Renewable technologies face similar obstacles in the UK and in continental Europe.

• High initial investment

• Large numbers of ageing properties which are unsuitable for heat pumps

• Lack of qualified installers,

• Relatively low awareness among end users.

But unlike the UK, the most important heating markets have building regulations that impose the use of renewable technologies in newly built houses. In Germany, France or Italy no new dwelling can be built these days without a heat pump or solar thermal, biomass boiler or heat-recovery ventilation. Moreover, there is also a clear path in view for what and when the next level of requirements will be introduced.

Not so in the UK. The last amendment to the Building Regulations, which became effective in spring 2014, was a disappointment — bringing just 6%, instead of expected 8%, improvement in CO2 emissions for dwellings; there is a lot of uncertainty on what the next review might bring and when. With 2016 Zero Carbon Homes target dropped and Code for Sustainable Homes abandoned, there is no incentive to install renewable technologies in new homes. And again the gap between the UK and the European Union in this area is quite significant.

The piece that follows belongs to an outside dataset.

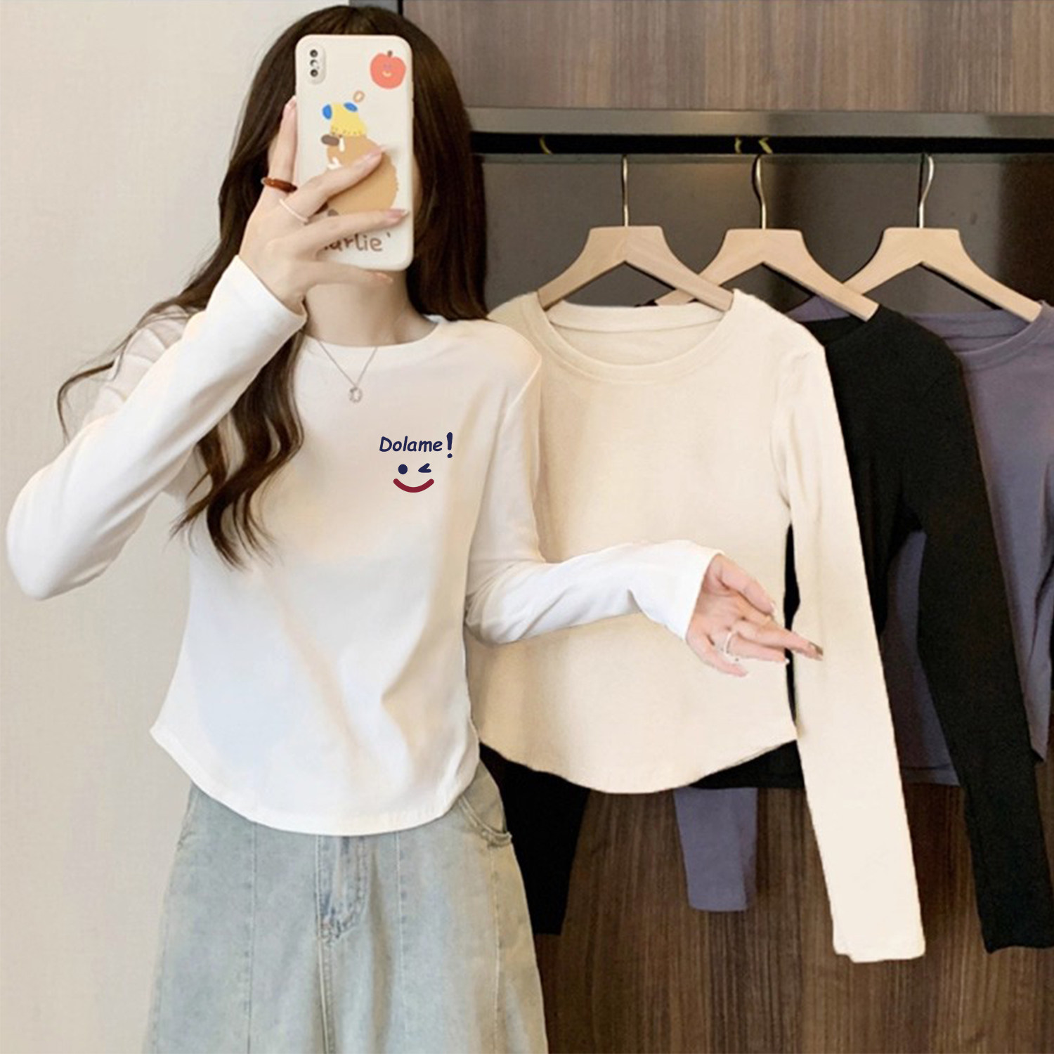 儿童女童纯棉长袖t恤短款春秋装打底衫内搭外穿薄款修身大童上衣

Houses that are built today will still be there in 2050, and it looks as if there is little hope for the dominance of gas boilers in UK homes to decrease significantly.

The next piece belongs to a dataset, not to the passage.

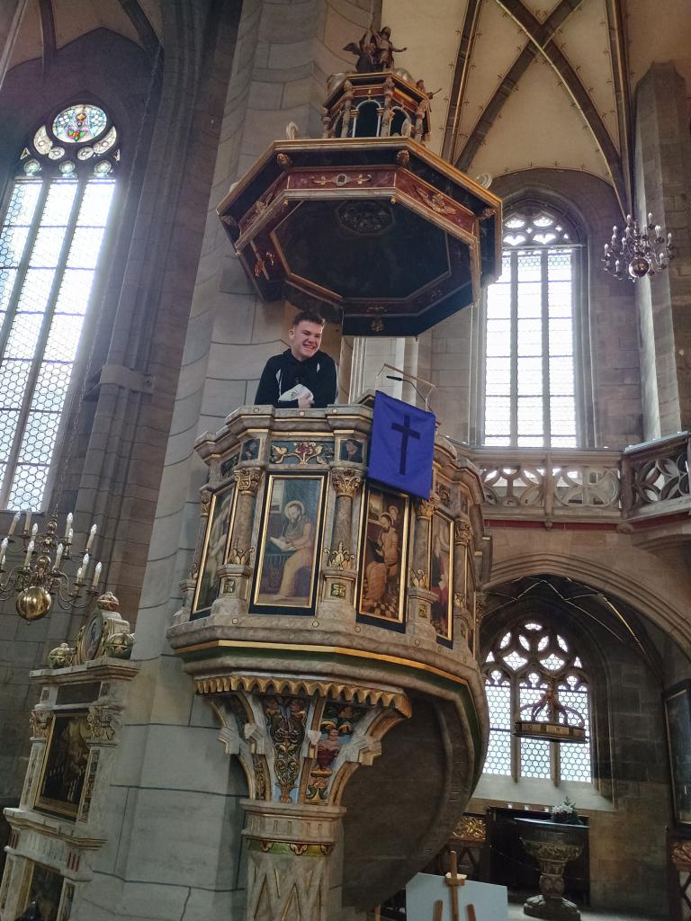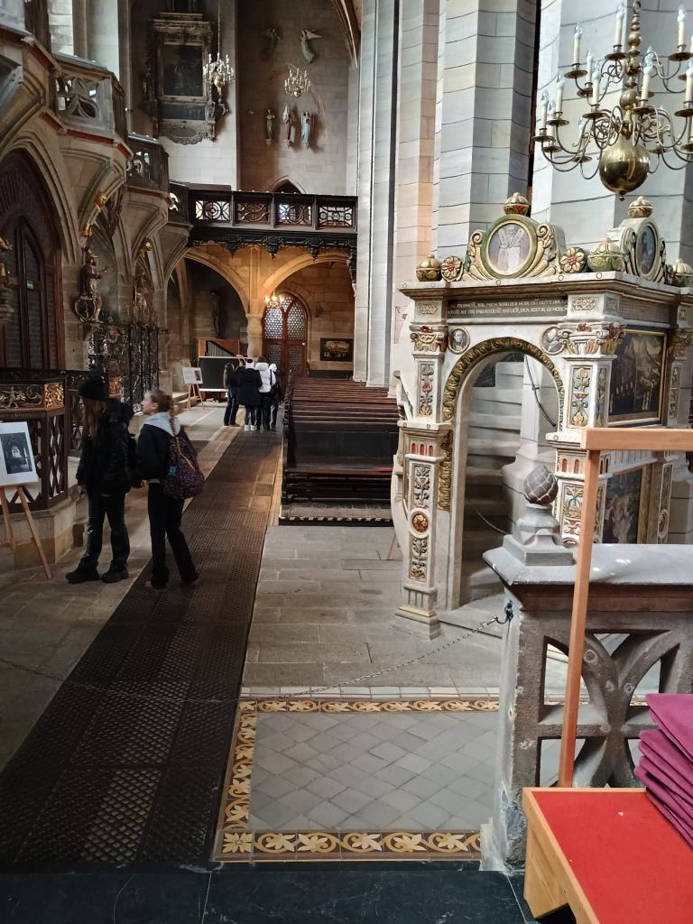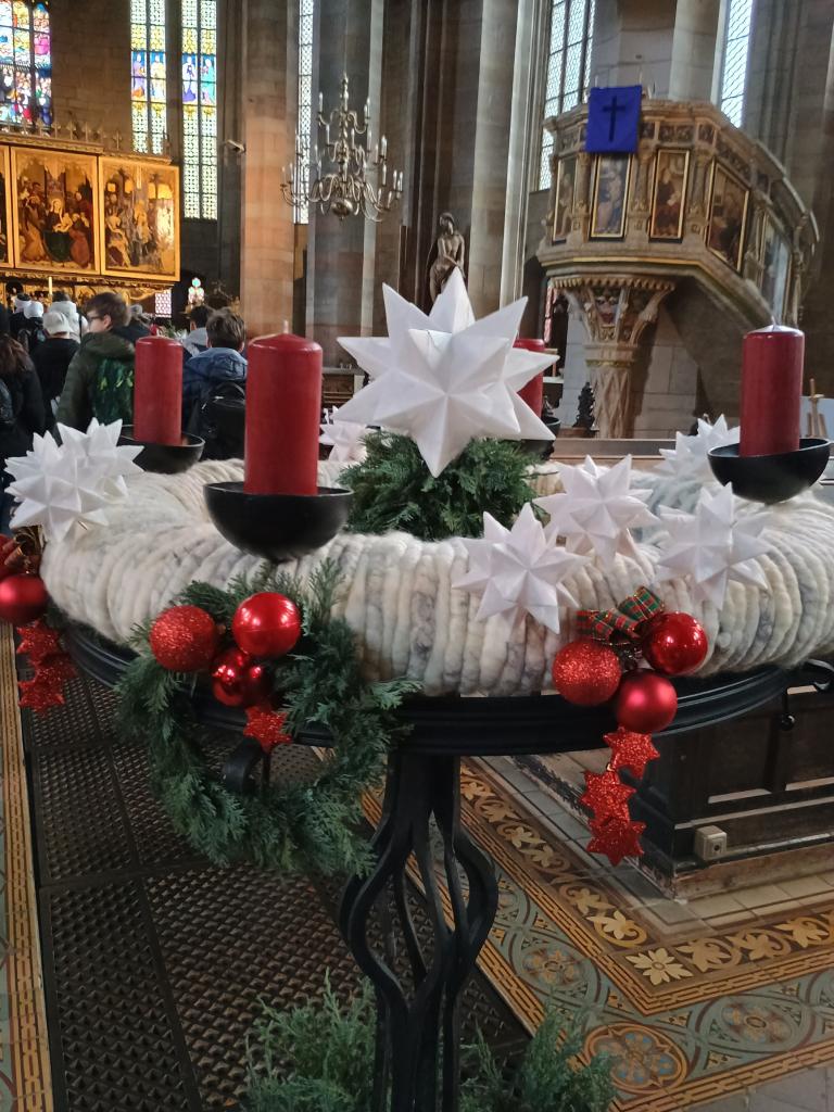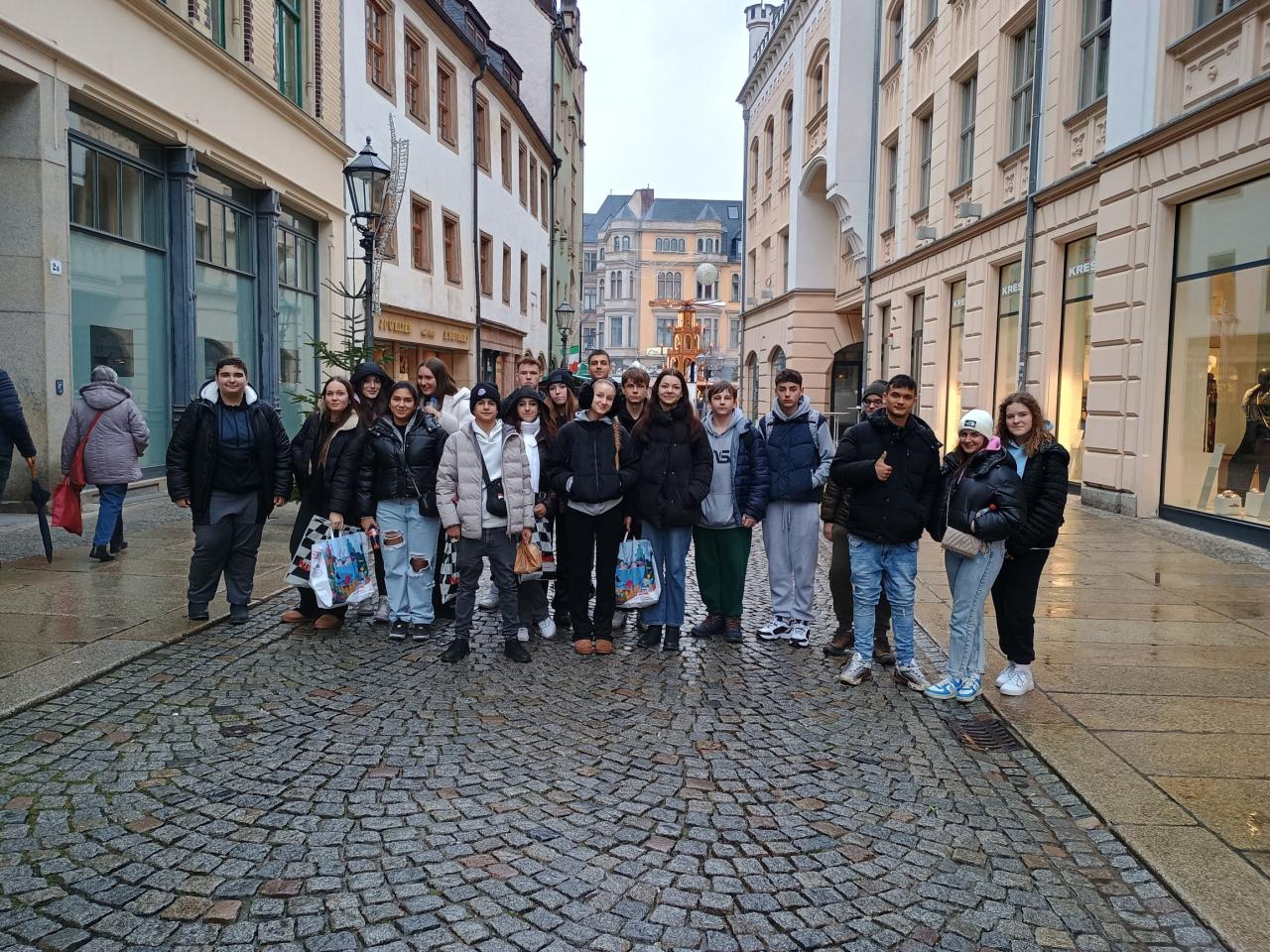 Jako již tradičně jsme se ve středu 4.12. vydali s devítkou nasát vánoční atmosféru do německého Zwickau. Tentokrát jsme ale vyjeli dřív, protože nás čekala prohlídka jedné z nejhezčích katedrál v Sasku St. Marien. U hlavního vchodu do katedrály nás přivítala paní Behnken, která v katedrále provází. Povídala nám nejen o historii, ale měla pro žáky připravenou i zajímavou aktivitu, při které se dozvěděli spousty zajímavých informací. Po odchodu z katedrály jsme se vydali na vánoční trh, který je ve Zwickau rozmístěný v historickém centru. Nasáli jsme vůni perníčků, „bratwurstů“ od lokálních řezníků, langošů, uzeného masa a dětského punče. Ze stánků se na nás smáli keramičtí sněhuláci, puntíkaté muchomůrky a z dálky na nás svítily svícny vyřezané z překližky……Domů jsme jeli nejen s taškami plných dárečků, ale také s pocitem klidu a pohody.

The Government published its strategy relating to the future decarbonising of heat in March 2013. It aims to support the installation of heat pumps in off-gas grid rural areas and of heat networks (mostly CHP based) in urban areas. With progressing decarbonisation of the grid the value of the CO2 savings that CHP based networks can provide will diminish.

Should we consider CHP as a transition step towards renewable based heat networks or green electricity as a passport for wider adoption of heat pumps in the future?

Somehow difficult to believe in view of the current market data and the experience of the gross misconception in the support provided to renewable energy based products so far. The strategy to decarbonise of heat and the targets of the fifth Carbon Budget will remain subjects of speculative discussion if no credible plan for their achievement will be in place. And for the moment no such long term action plan is in view.

Fracking is on the agenda, and while green electricity comes at a cost, gas prices are predicted to remain relatively stable — resulting in an advantageous business case for gas-based solutions and subsequently causing resistance of the market to go ‘green’. The strategy of talking a lot and doing little will not be enough to overcome it.

A more bold but thought-through and consequent approach will be needed to provide confidence to suppliers and end users and change the direction of the sales curves for renewables.

We have gone through enough lessons to learn how to make it happen.

Krystyna Dawson is senior manager for heating and renewables with BSRIA Worldwide Market Intelligence.